To start, there are several ways to insulate circuits in the flex world. These include solder mask, coverlay and coverfilm. In most cases, the designer may simply note solder mask per IPC-SM-840 and leave the rest to the fabricator. This allows the fabricator to use the proper mask in the proper setting.

When making a design decision, first differentiate between rigid-flex and true flex circuits.
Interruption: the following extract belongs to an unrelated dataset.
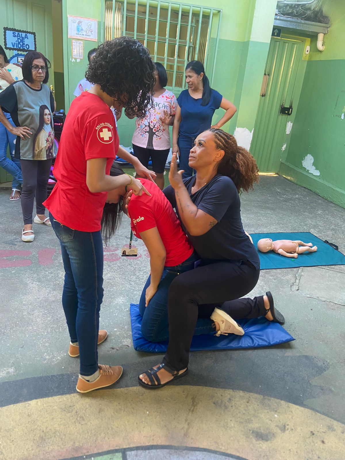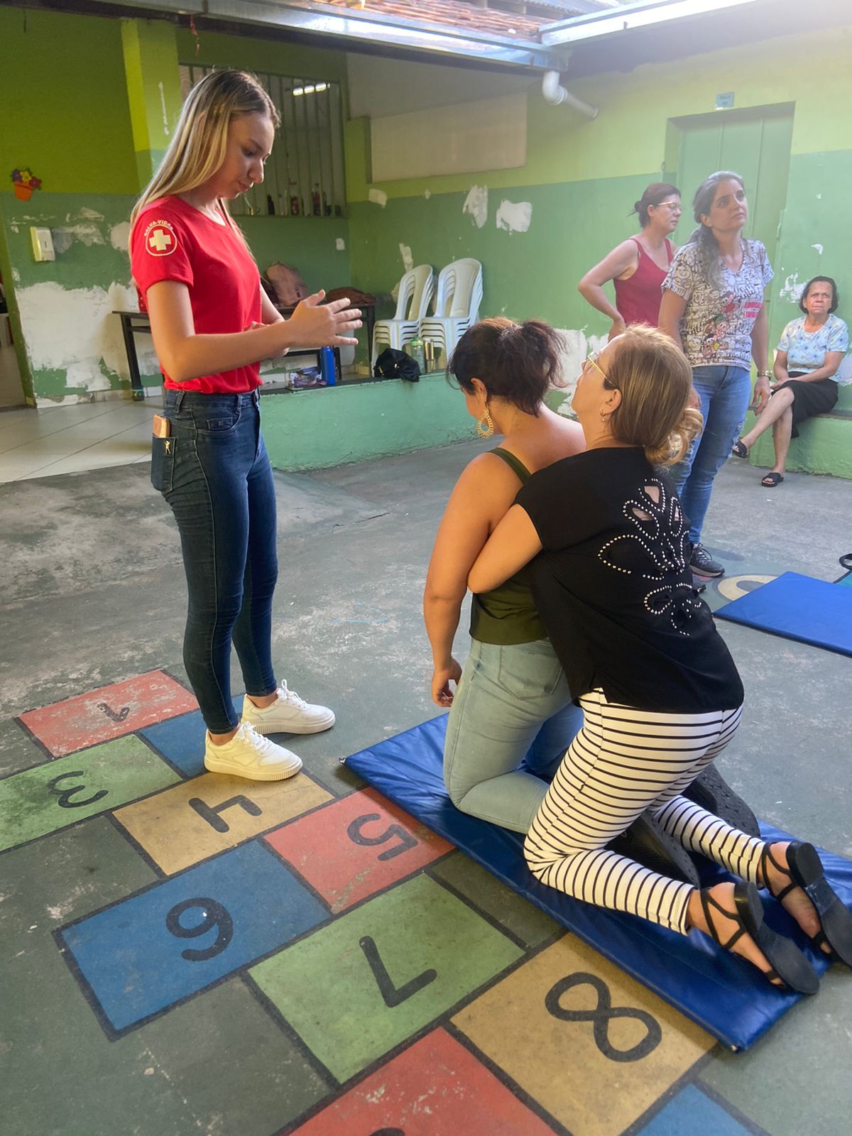 Durante a ação na Escola Valdete Nominato, os colaboradores da instituição participaram de um treinamento abrangente. Conforme a professora Heloíne Leite, a capacitação mesclou teoria e prática, através da simulação realística.

Let’s cover the easiest one first: rigid-flex. Typically, a rigid-flex construction will have solder mask applied to the external rigid layers to insulate all external traces, as well as define surface mount or BGA pads. It may also provide mask dams between pads to reduce the potential of solder shorts at assembly. This solder mask usually is classified under IPC-SM-840 as a type H solder mask, which denotes a high-reliability solder mask. These are the most common solder masks. Normally green in color, they can be modified for other colors, as desired. It is worth noting that if the color deviates from the as-formulated green option, there may be feature resolution and web size tradeoffs. This is because the additives used to change the color impact how the mask material absorbs light energy during the imaging process. As a result, the fabricator may need to ask for some relief for other colors.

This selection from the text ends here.